Amber Rudd’s Speech: Monitoring After Brexit?

The speech by Amber Rudd, the Home Secretary, was arguably the most policy-heavy presentation at the Conservative Party Conference. It also made a strong claim to be the most controversial, so it is hardly surprising that it provoked a vigorous response from some quarters.

The main focus of ire was Rudd’s proposal – offered in post-speech briefing notes, rather than in her address itself – that companies “be clear about the proportion of their workforce which is international”.

As the storm exploded, Rudd began to backtrack. But, while she argued that her proposal to “name and shame” businesses was just an idea, she continued to defend the meat of her address. This included a whole raft of proposals:

  • a new aim to reduce international student numbers based on the possibility of different rules for students in different courses or universities based on their judged quality
  • tightening the Resident Labour Market Test
  • requiring businesses to invest more in training British workers
  • making it a felony for landlords to rent property to “illegal immigrants” (which they already must check they are not doing)
  • requiring banks to perform regular checks that they are not providing services to such individuals.

Such policies would represent significant increases in the “outsourcing” of monitoring duties by the Home Office to other sectors and organisations – businesses, universities, landlords, and banks. This has been an unmistakable trend in British migration policy since the elevation of “sponsorship” to new levels of importance in the immigration system upon the introduction of the Points Based System in 2008.

With the post-2010 drive to lower net migration numbers, the Home Office has forced the evolution of these visa “sponsorship” relationships into ones where organisations are bound to monitor migrants to see that they are doing what they allegedly supposed to do – that student visa holders are actually attending class, that labour migrants are actually on the job, etc.

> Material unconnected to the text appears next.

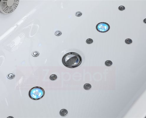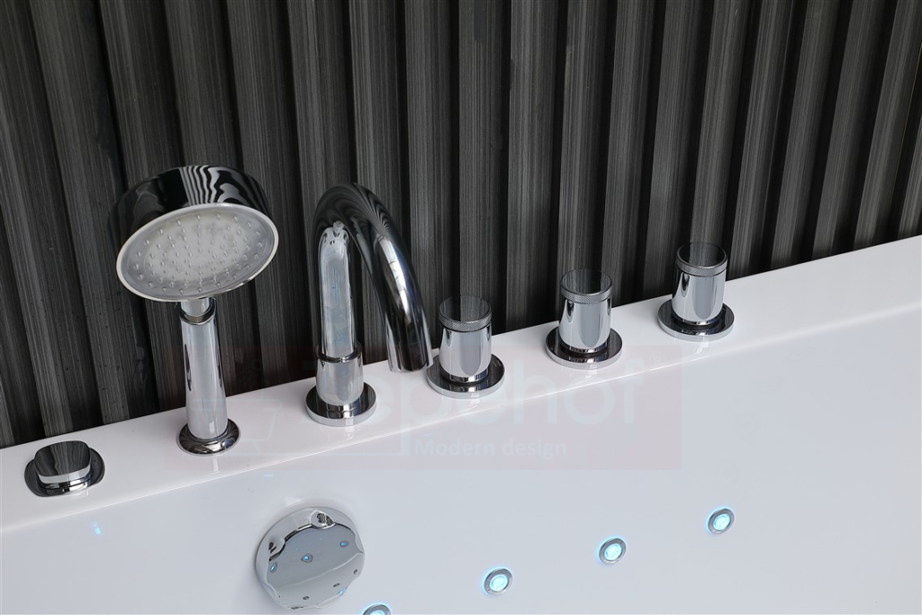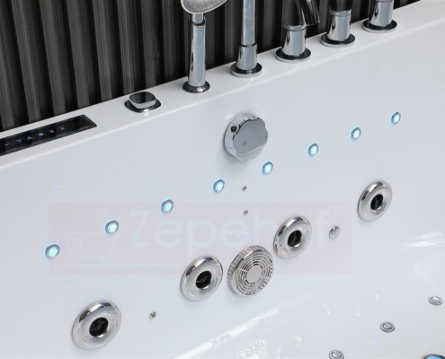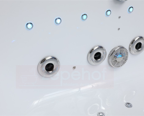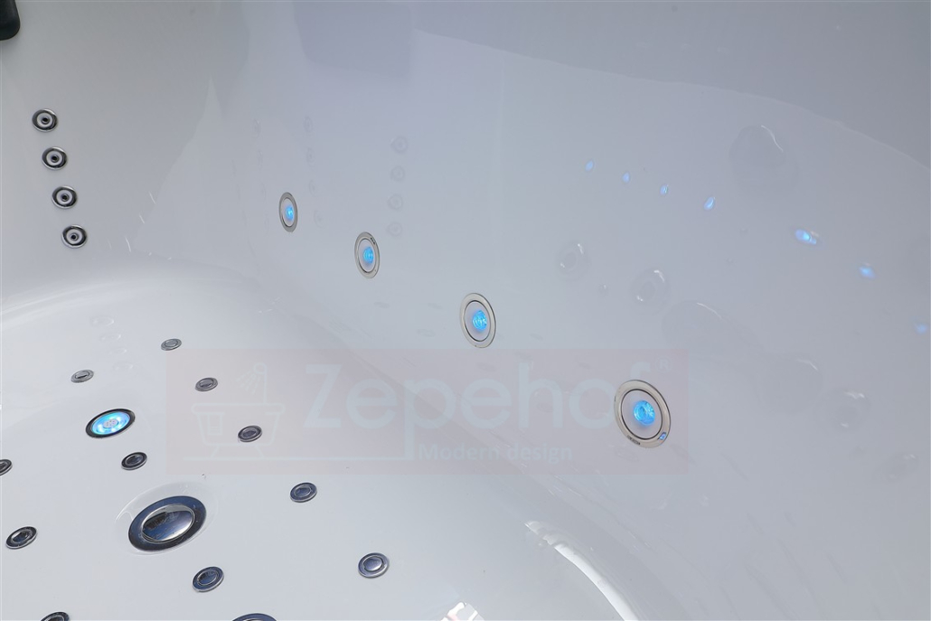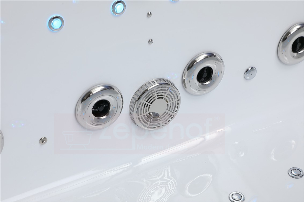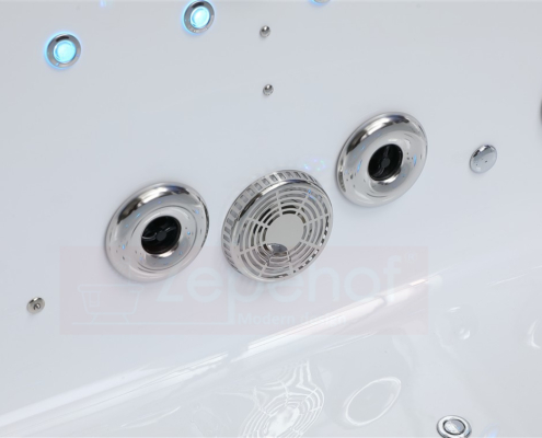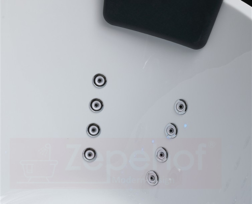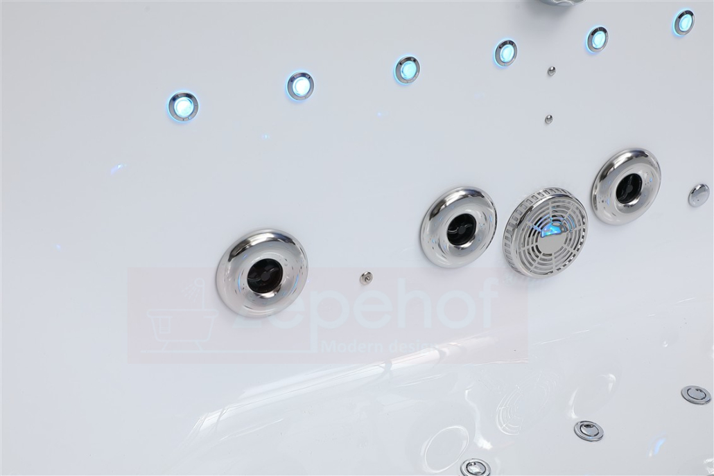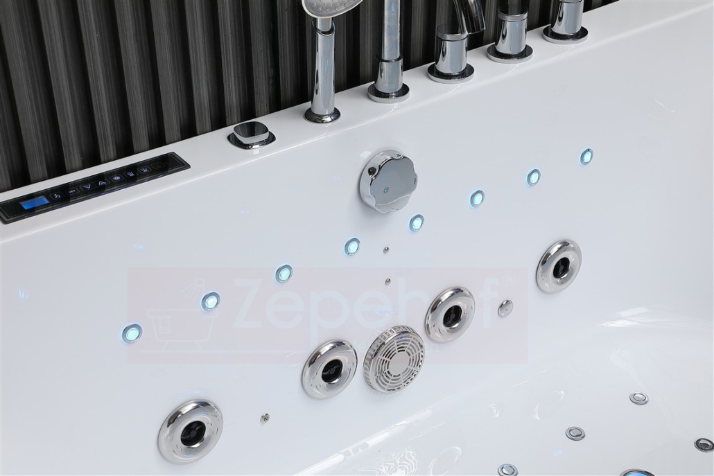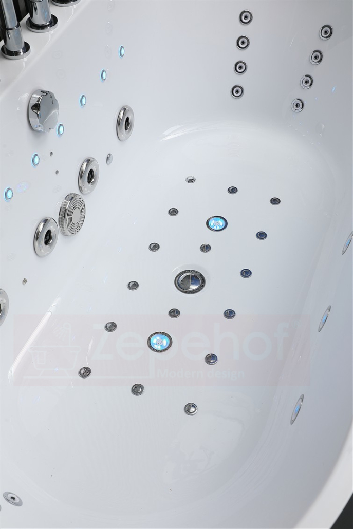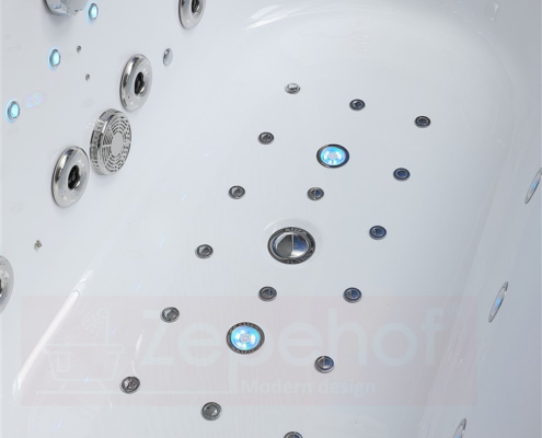 Wassermassage (4+4 große Düsen in der Badewannenwand, 16 kleine Düsen für die Rückenmassage auf jeder Seite, Insgesamt 24 Stück), Wasserpumpe mit einer Frequenzweiche von 1,5 PS (TÜV, CE-Zertifikat)

This has been accompanied by another category of increasing onerousness, where the Home Office has gradually eroded the ability of many non-EU immigrants (especially students) to switch between visa categories and put up greater administrative barriers (raising requirements and visa fees) to come to or stay in the UK.

Rudd’s proposals are then, in many senses, fundamentally familiar – a rerun of what is by now a well-worn playbook. Familiar, too, is her rhetorical devotion to the benefits of allowing in the “best and brightest.” Indeed, in her time as Home Secretary, one of Theresa May’s crucial political moves was to ring-fence intra-company transfers, other sponsored “high-skill” migration, and the ability of reputable universities to sponsor international students.

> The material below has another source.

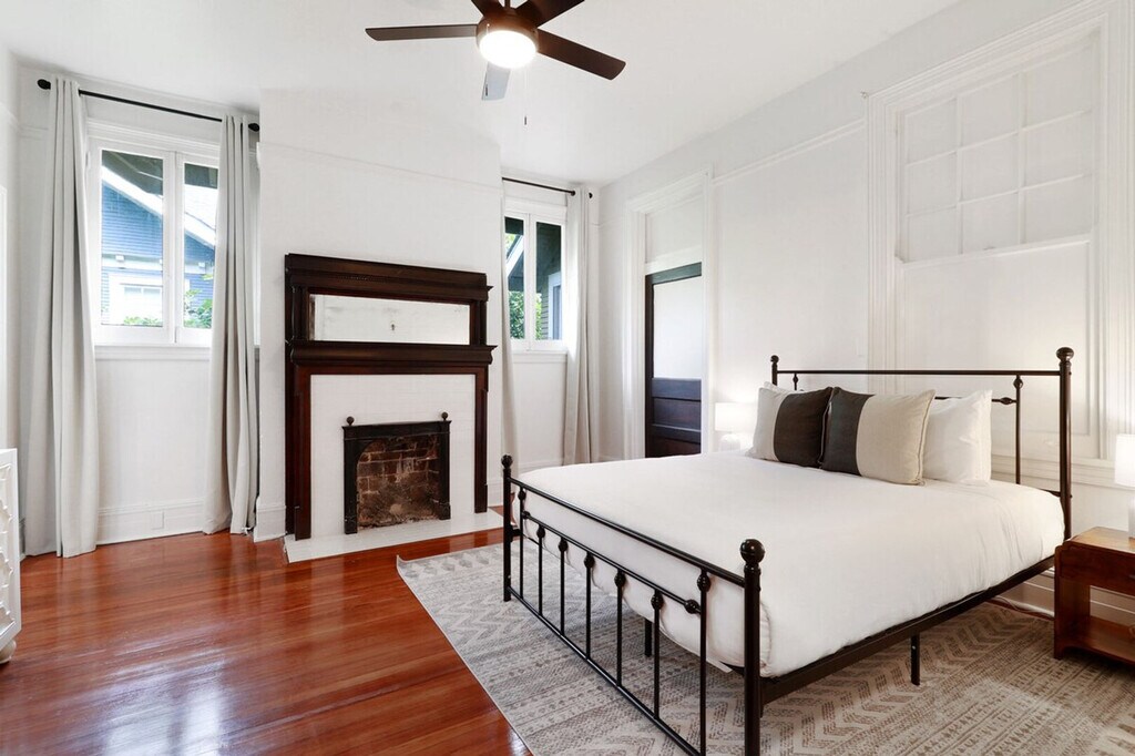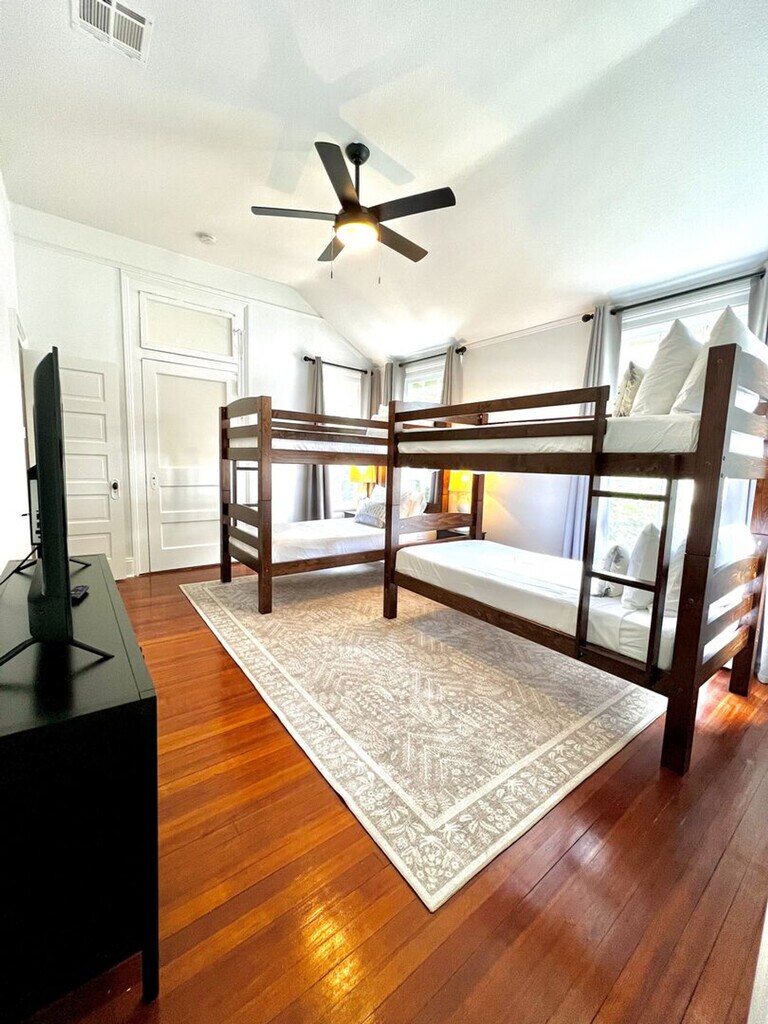 Step into luxury as you enter this beautifully designed home featuring 4 bedrooms and 2.5 bathrooms. The interior offers classic architecture, high ceilings, hardwood floors, and stylish decor throughout. The living area is perfect for gatherings, with ample seating, a fully equipped kitchen with modern appliances, and a dining area where you can enjoy meals together. Whether you're here for Mardi Gras, festivals, or simply to soak in the vibrant culture, this home is ideal for your stay. This property has 4 total bedrooms with 7 beds and 2.5 bathrooms. The master bedroom features a king-size bed, the second bedroom has a queen-size bed, the third bedroom includes 2 twin-size bunk beds (4 total beds), and the fourth bedroom has a queen-size bed. The master and the second bedroom share a full bathroom with a standing shower and double sinks. The third and fourth bedrooms share the second full bathroom with a tub/shower combo. The half bathroom is situated down the hall between the four bedrooms. Guests can park 1 vehicle on the front lawn. Please make sure to park in the designated parking space for the property, which is the address for the property. Guests will have access to the entire home, making it a perfect base for exploring the vibrant local culture and festivities. Do not park in or block the driveway. The thermostat is located in the laundry area past the dining room. Registration Number: 22-CSTR-17714, 22-OSTR-17719 [SI]
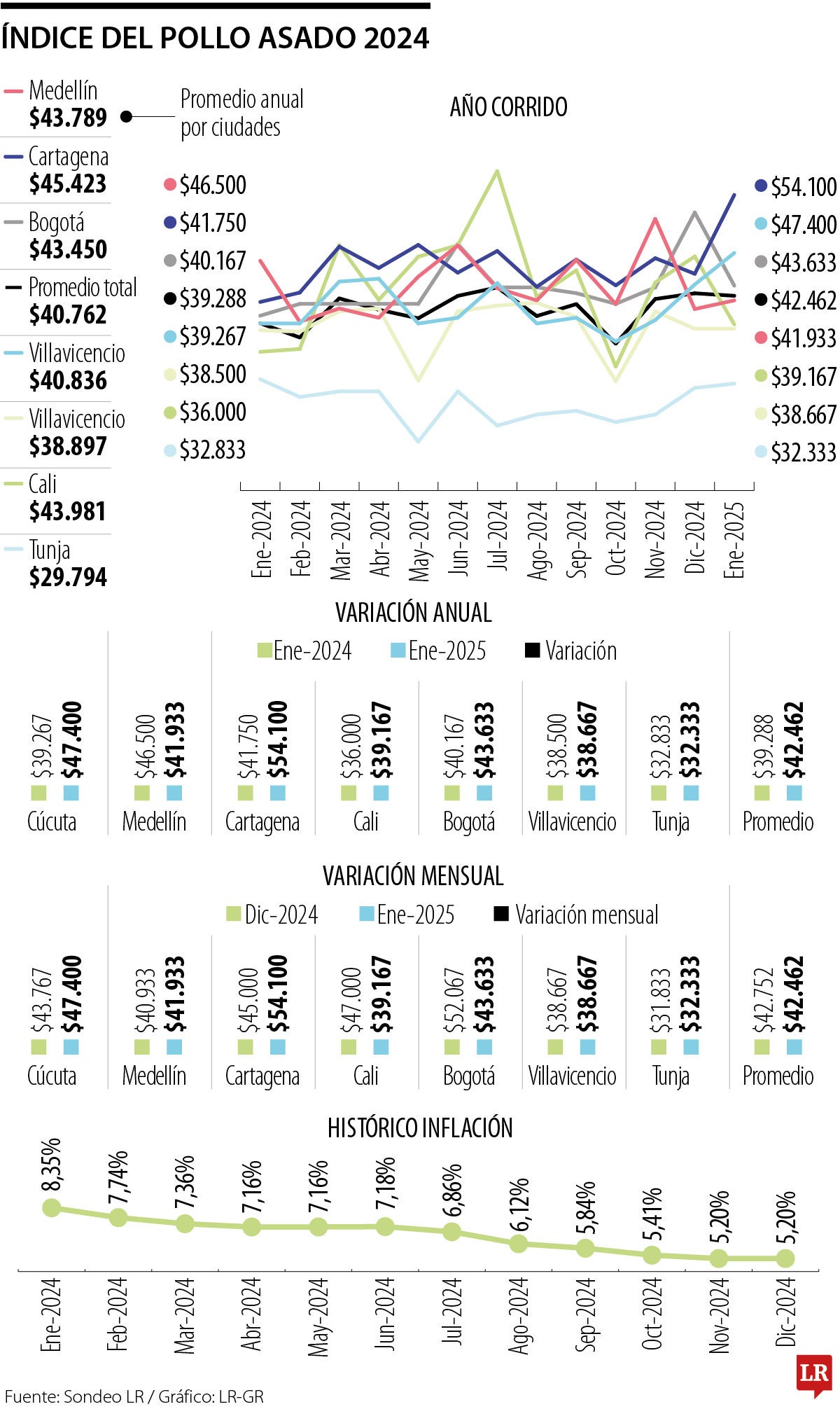 Por ciudades, Cartagena se ubicó como la ciudad con el precio promedio más elevado con $54.100, mientras que Tunja tuvo el valor más bajo, con una media de $32.333. En un año, el precio del pollo asado fue más bajo en Medellín y Tunja (-9,82% y -1,52%) mientras que en Cúcuta, Cartagena, Bogotá, Cali, Villavicencio y Cúcuta fue 13,63% más caro en promedio.

These accommodations have allowed these powerful constituencies to live with developments they find uncomfortable, with the bulk of policy changes affecting family migrants, the lower-skilled, and higher educational institutions lower on the perceived pecking order. Again, Rudd’s plans – subject, as she emphasises, to “consultation” – seem to be an extension of these patterns.

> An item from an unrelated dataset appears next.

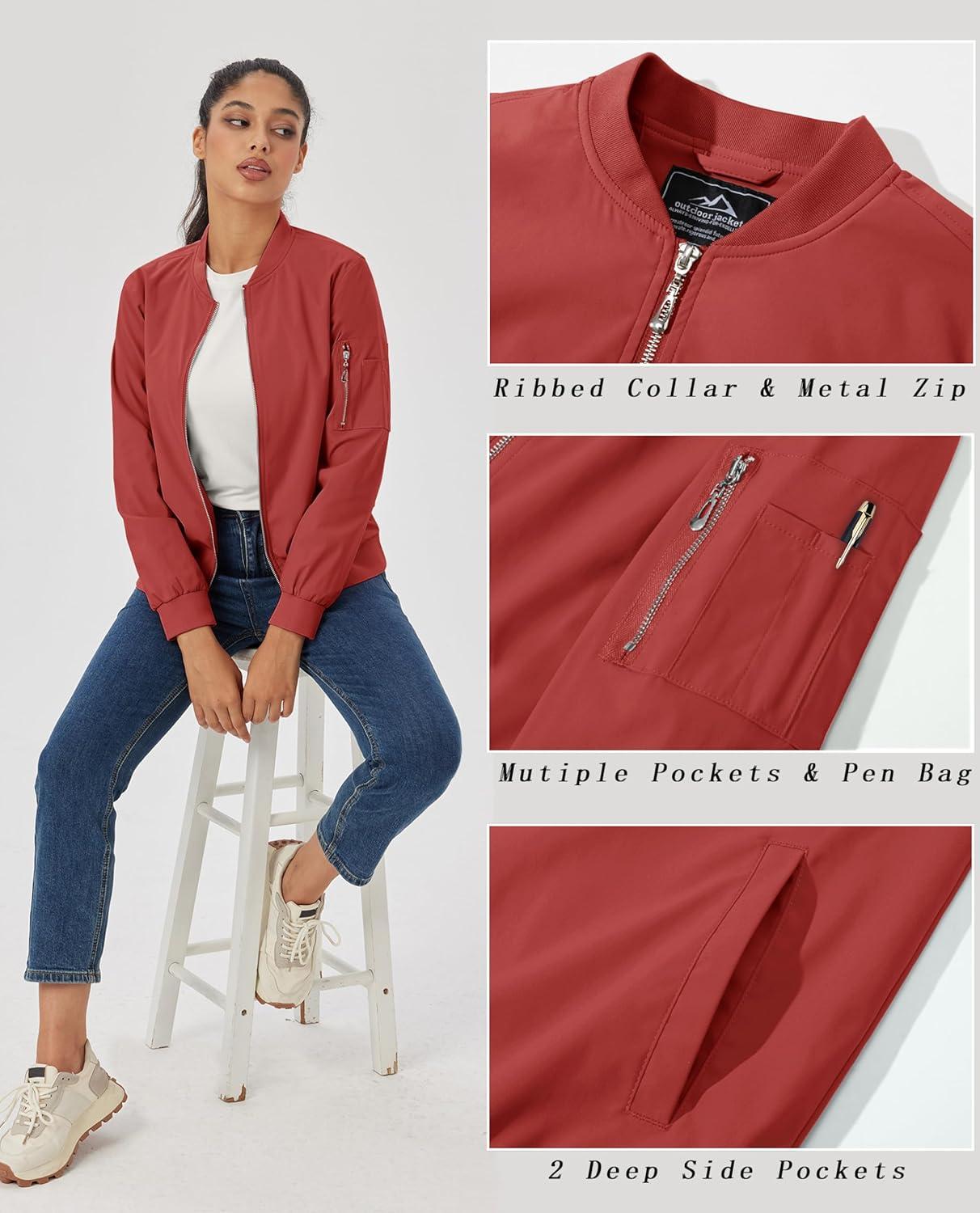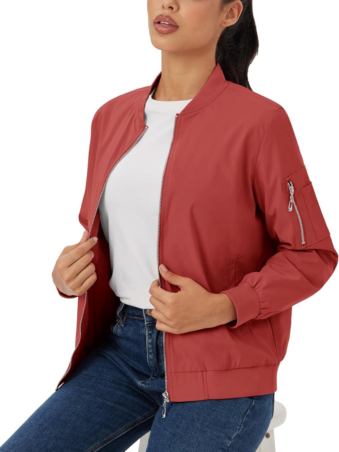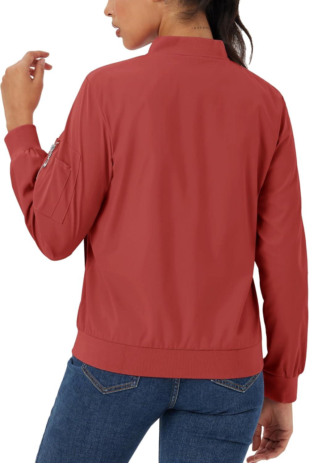 MAGCOMSEN Women’s Casual Jacket Lightweight Bomber Jackets 5 Pockets Windbreaker Zip-up Spring Fall Outerwear(Orange Red)

So, if this “outsourcing” is just a continuation of existing patterns, why have Rudd’s announcements been received in some quarters as the foretelling of a dark new era?

Brexit has brought forward the possibility of EU migrants falling under such policy changes, which up to now have affected only non-EU migrants. Including Europeans under such a regime would make migration to the UK fundamentally more rigid and would impose much more extensive monitoring duties on institutions that have, up to now, only had to adopt such roles in relation to non-EU migrants.

Of course, the government has not exactly decided what rules it will impose on EU citizens in Britain. One thing is for certain, however: the claim that Brexit would lead to a relaxation of the government’s unrealistic target of reducing migration to the “tens of thousands” has been dashed. The idea of “naming and shaming” – while a throwaway as far as the speech was concerned – echoes what many see as the disturbing new acceptability of anti-immigrant feeling since the referendum. With further restriction being imposed on an ever-growing number of people – and with the government’s renewed emphasis on multi-sectoral monitoring – we should be in no doubt that this is a process that has just begun.